Oireachtas Joint and Select Committees

Wednesday, 17 September 2025

Joint Oireachtas Committee on Climate, Environment and Energy

Carbon Budget: Discussion (Resumed)

2:00 am

Professor Barry McMullin:

I am on so I will take first cut and pass it over to Professor Daly. I thank the Deputy, from one DCU alumnus to another.

As regards the data centre issue specifically, the Deputy suggested that maybe we could have positive effects from data centre growth and that they would involve the deployment of more renewables. At best they would involve the deployment of more renewables to just about match the expansion in energy consumption. That is not improving things; it is at best just not making things worse. However, that would be true only if there were not these constraints. We have limited sites for new renewables development, we have limited capacity in the planning system, we have limited capacity in local communities to engage - we have all these constraints, so we need to develop renewables at the absolute maximum rate we possibly can in order to drive down our usage of fossil fuels for everything we are currently doing.
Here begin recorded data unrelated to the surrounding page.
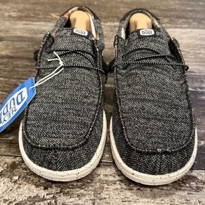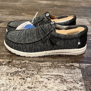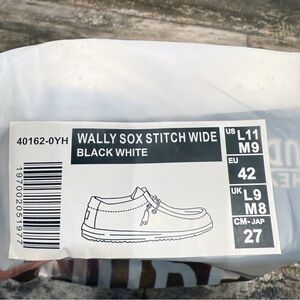 Hey Dude Wally Sox Stitch Wide Lace Up Loafers Shoes Mens 8EE Black White NEW
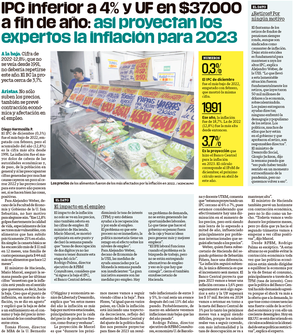 Inflación llega a 12,8% en 2022 y analistas delinean retos para contener las alzas este año - (El Mercurio de Santiago)
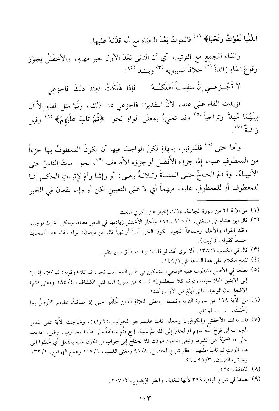 (¬5) بعدها في الأصل مشطوب عليه «وتجيء للتمكين في نفس المخاطب نحو: ثم كلا» وقوله: ثم كلا، إشارة إلى الآيتين «كلا سيعلمون ثم كلا سيعلمون» 4 - 5 من سورة النبأ ففي الكشاف، 4/ 684 ومعنى «ثم» الإشعار بأن الوعيد الثاني أبلغ من الأول وأشد».
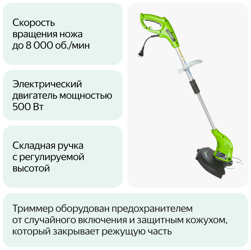 Электрический триммер GreenWorks GST5033 Basic 21217 - легкий инструмент для очистки от растительности труднодоступных мест. Оснащен катушкой с нейлоновой режущей леской. Телескопическая штанга позволяет регулировать длину триммера для комфорта пользователя. Две рукоятки способствуют удобному ведению инструмента в любом положении.
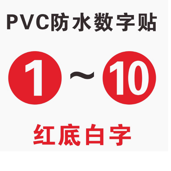 防水pvc數(shù)字貼紙 1-10紅底白字 5*5cm
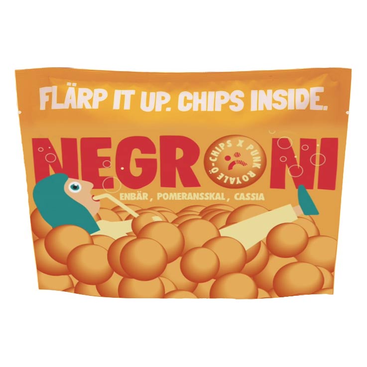 Chips til Negroni - Enebær, Pomeranian peel, Cassia 50 g som Ö chips på Gotland udviklede sammen med Katherine Bont hos Punk Royale, da Negroni er hendes yndlingsdrik, som er perfekt at nyde sammen med disse bitre og søde chips.
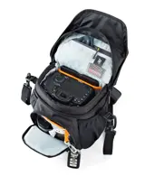 De zeer complete Nova 140 AW II cameratas is eigenlijk een soort gereedschapskist voor fotografen. Deze fototas heeft een aantal unieke eigenschappen, zoals een dubbele sluiting met degelijke, waterproof ritsen én een clipsluiting. Die clipsluiting komt van pas als je tussen de fotomomenten door geen tijd wilt verliezen met het sluiten van de ritsen. Aan de binnenkant van het deksel zijn speciale vakjes voor geheugenkaarten en een mobiele telefoon te vinden en de voorzijde heeft een ruim vak voor extra accessoires zoals reserveaccu's of een handleiding. Lowepro heeft aan de zijkant van de Nova 140 AW II bovendien gaasnet zijvakken aangebracht die perfect geschikt zijn om bijvoorbeeld een extra draagriem in mee te nemen. De ingebouwde all weather regenhoes beschermt je kostbare fotospullen tegen slecht weer, terwijl je apparatuur ook met de regenhoes om je tas gewoon bereikbaar is.
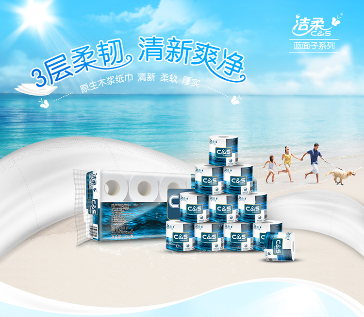 洁柔JJ041三层蓝面子卫生卷纸12卷/提 (单位:提)
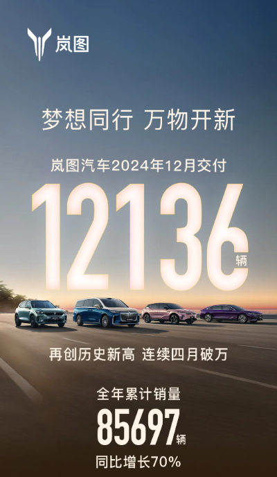 歷來,產(chǎn)品上新及更新迭代會(huì)對(duì)銷量起到重要的提振作用,嵐圖汽車也不例外。2024年對(duì)于嵐圖來說可謂是一個(gè)“豐收之年”,完成了“三年三品類,四年四款車”的戰(zhàn)略布局,相繼推出嵐圖FREE 318、全新嵐圖夢(mèng)想家和嵐圖知音三款車,覆蓋了SUV、MPV和轎車細(xì)分市場(chǎng)。

If some of the renewable sites, some of the capacity in the planning system, some of the expert engineers and some other critical resources are carved out to serve as data centres, that will inevitably slow down the deployment of renewable energy for our other needs. We hope this is a medium-term issue. It involves 20 or 30 years, rather than five years. We are trying to transform the entire energy system. When we get to the happy situation where we have 100% zero-carbon energy fully deployed, let us expand any and all energy use that we like. However, we are not in that happy situation and we will not be for at least 30 years.

The issue of waste heat is a bit of a red herring in the Irish context because we do not have the established heat networks. Heat networks are great. They do not serve every heat need but they are great and we know that from SEAI reporting on it some years ago. Accelerating the development of heat networks in Ireland would be very useful, but I would not do it on the basis that it would give a role to data centres that they would not otherwise have; we should do it because it is a way of decarbonising heat. We should remember that data centres may come and go for various reasons. If we have built them into the provision of heating as a critical source of heat and they go, we will have a different problem. Many things are bound up in there.